Consider if the inlining extension didn't want to inline inside function calls for some reason:

aspect production call
top::Expr ::= f::Name a::Exprs
{
  top.inline = call(f, a.inline);
}
aspect production consExpr
top::Exprs ::= h::Expr t::Exprs
{
  top.inline = consExpr(h.inline, t.inline);
  h.subs = [];
}

The inlining extension assumes that a.inline in call has no dependencies, and another extension might aspect call and rely on this, but in fact there is a hidden transitive dependency on a.subs. To prevent this, we need to restrict that children of an implementation production that were shared in the dispatch signature cannot generally be shared; they can only be shared as the corresponding child of another production that also implements the same dispatch. For example, one could still write this:

abstract production implicitSynAttributeDef implements AttributeDef
top::ProductionStmt ::= dl::DefLHS attr::QNameAttrOccur e::Expr
{
  e.env = top.env;
  e.downSubst = top.downSubst;
  ...
  forwards to synthesizedAttributeDef(dl, attr, e.monadRewriting);
}

However, there isn't a way to implement negFoo without re-decorating e. This problem is avoided by the alternative version of operator overloading that binds the operands as let expressions:

dispatch UnaryOp = Expr ::= @e::Expr;

production negOp
top::Expr ::= e::Expr
{
  e.env = top.env;
  local eVar::Name = freshName();
  forwards to
    case e.typerep.negProd, e.typerep.negOverload of
    | just(prod), _ -> prod(e)
    | _, just(prod) -> let_(eVar, @e, prod(eVar))
    | _, _ -> errorExpr("Can't negate " ++ showType(e.typerep))
    end;
}

synthesized attribute negProd::Maybe<UnaryOp>;
synthesized attribute negOverload::Maybe<(Expr ::= Name)>;
nonterminal Type with negProd, negOverload;
aspect default production
top::Type ::=
{
  top.negProd = nothing();
  top.negOverload = nothing();
}
production intType
top::Type ::=
{
  top.negProd = just(negInt);
}
production boolType
top::Type ::=
{
  top.negProd = just(negBool);
}

One can then implement negFoo as

production negFoo
top::Expr ::= n::Name
{
  forwards to call(name("neg_foo"), consExpr(var(n), nilExpr()));
}
production fooType
top::Type ::=
{
  top.negOverload = just(negFoo);
}

With this approach, one can write extensions that provide either sort of overload - an extension that overloads negation to do some arbitrary transformation (like negThing), or an extension that only cares about the value of the operand, and shares the original expression. One cannot however write an overload that shares the original expression in an arbitrary context, such as under a lambda expression, at least not without re-decorating the tree.

Silver development plans

Implementing this will be slightly painful as unique references are used in the Silver compiler; we can't remove them until dispatches are implemented and used in Silver.

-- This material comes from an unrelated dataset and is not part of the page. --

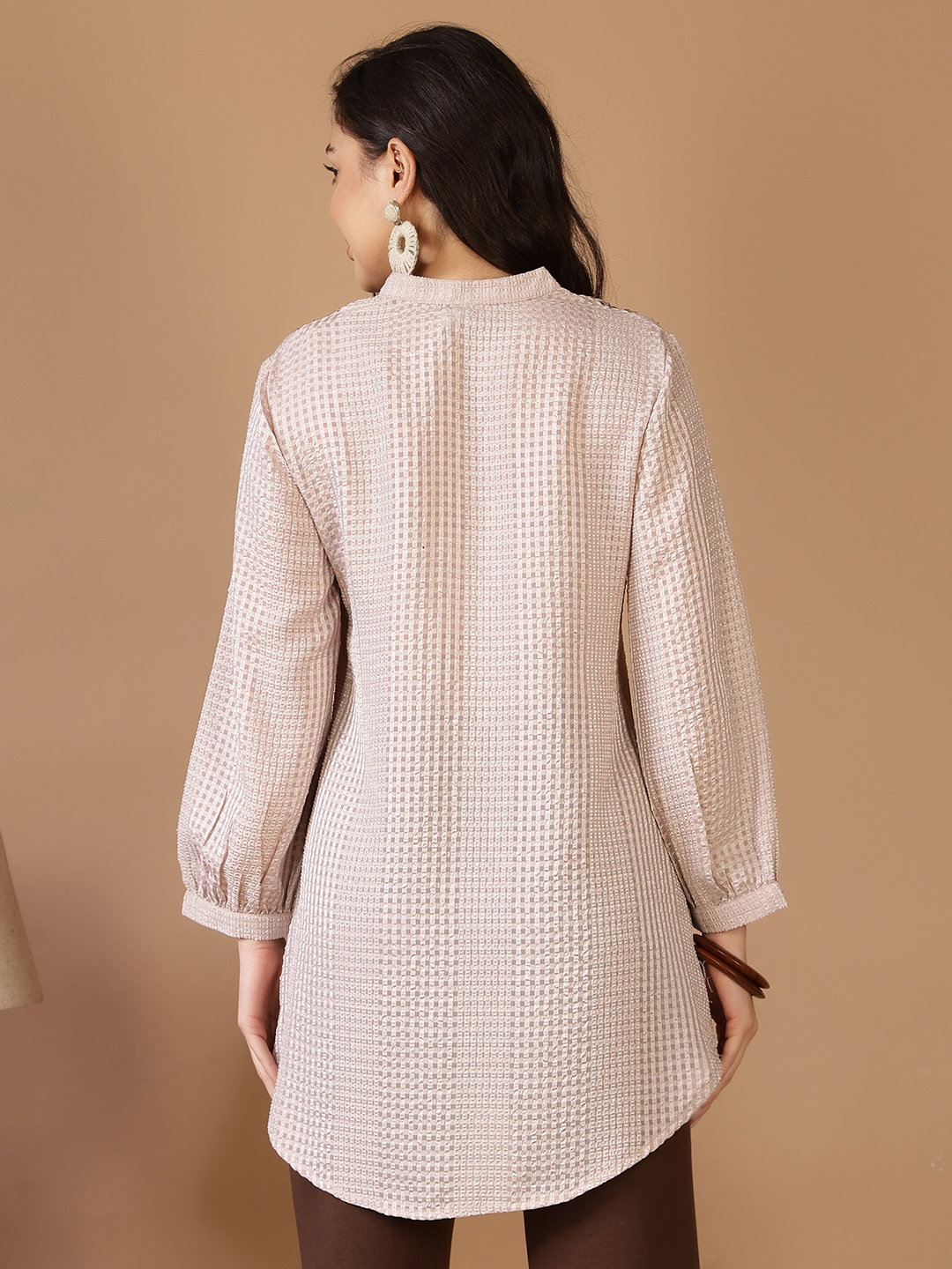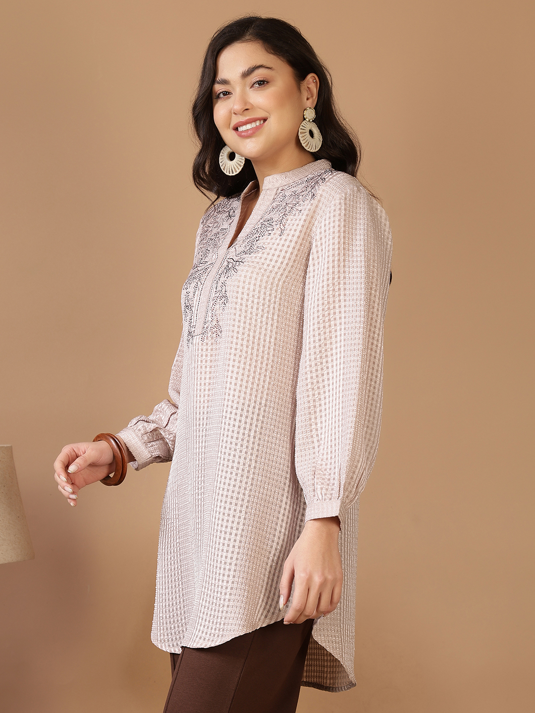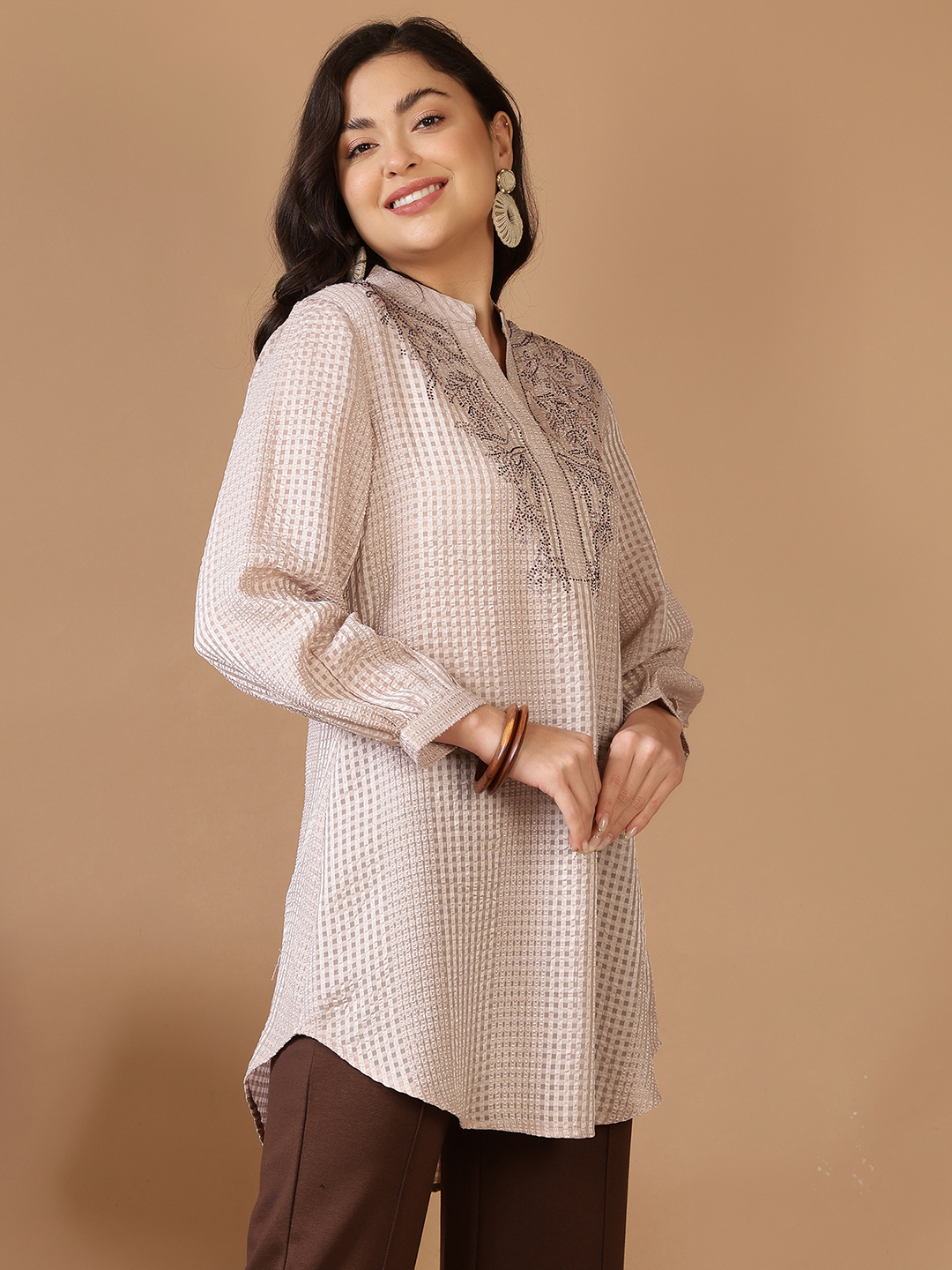 This sophisticated long tunic offers a shimmering blend of texture and sparkle, making it an ideal choice for elevated daytime events or evening gatherings.

751 is mostly unaffected, aside from the removal of uniqueness in decorated types. The Dec type constructor would now have kind InhSet -> * -> *, although there is also now less motivation to refactor things to have Dec as a proper type constructor. Making this change would still be in a future 0.6.0 release, after making the above-mentioned changes in 0.5.1, presumably.

796 would be unchanged, I think - this is still a dependency of #751 that could go in an earlier 0.5.1 release.

797 is probably obsoleted by this change, since Decorated types will no longer commonly appear in production signatures, so there is little reason to abbreviate this.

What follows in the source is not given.